The creepy movie poster made only an oblique reference — in the tagline — to the two previous films in the franchise
But over the past three decades, Season of the Witch has gone from near franchise-killer to beloved curiosity item — a goony, gloomy, endlessly enjoyable joy-buzzer of a movie, one that merely needed a good thirty years or so for viewers to catch up with. “There’s a lot of weird stuff going on in that film, whether it’s intentional or not,” says Adam Wingard, the director of indie-horror films like You’re Next and The Guest, the latter of which features a few explicit nods to Season of the Witch. “But people overlooked all of that initially, just because they were so mad that Michael Myers wasn’t in the damn thing.”
Even without the baggage of that Halloween title, Season of the Witch still would have stood out at the time, thanks to its daffy, overstuffed plot: In a quiet California town, a toy company called Silver Shamrock Novelties is churning out a series of best-selling Halloween masks. Unbeknown to its kiddie customers, though, Silver Shamrock’s owner — a malevolent Irishman played by Dan O’Herily, an Oscar nominee for 1954’s Robinson Crusoe — has outfitted the masks with special computer chips that, when triggered by a manically catchy commercial jingle, will kill them on Halloween night. (Those chips, by the way, are powered by pieces of a stolen Stonehenge rock — just one of the film’s glossed-over plot-point asides).
The film’s unlikely hero, meanwhile, is Dr. Dan Challis (Tom Atkins), a nurse-goosing, beer-guzzling divorcee who, early on in the film, bails on watching his kids, and instead spends the holidays weekend with a mysterious, attractive, and very young stranger (played by Stacey Nelkin) who inadvertently (or perhaps intentionally!) leads Challis to the Silver Shamrock factory. Along the way, there are killer-android hitmen, a few touches of witchcraft, a cluster of mouth-borne grasshoppers, and at least one grisly face-melting scene.

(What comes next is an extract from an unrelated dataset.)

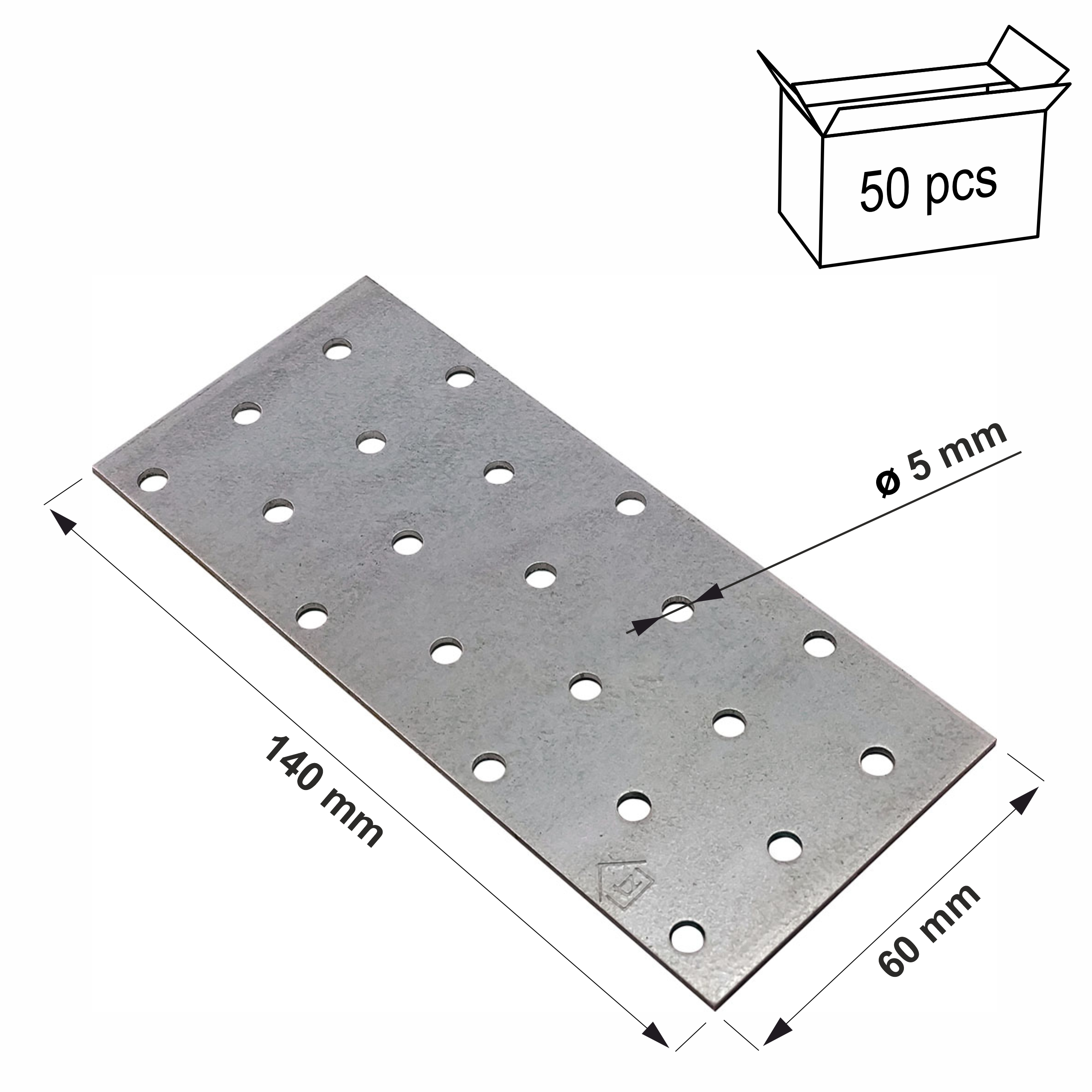 Płytki perforowane 60x140 x 2mm 50 szt. Łączniki ciesielskie płaskie PP5

“We threw in everything but the kitchen sink,” says Wallace. “Halloween III has his weird homemade quality. It’s not that slick. It’s intentionally a little bit funky. It’s like the Little Rascals went out and made this movie, just to spite Hollywood. And I love that.”
The resulting film, a mix of 1950s pod-people hysteria and 21st century technological terror, climaxes with a remarkably bleak ending, one that finds Challis desperately trying to stop TV stations from airing the kid-killing commercial — only to suddenly cut to black, as millions of children ostensibly are brain-fried to death. “I saw Halloween III when I was 10 or 11, during that period when I’d rent everything from the horror section in the video store,” says The Guest screenwriter Simon Barrett. “I watched it with a couple of friends, and we were like, ‘This is bullshit! Where’s Michael Myers?’ Then you get to the end, and you think, ‘Wait, that was actually pretty cool!’”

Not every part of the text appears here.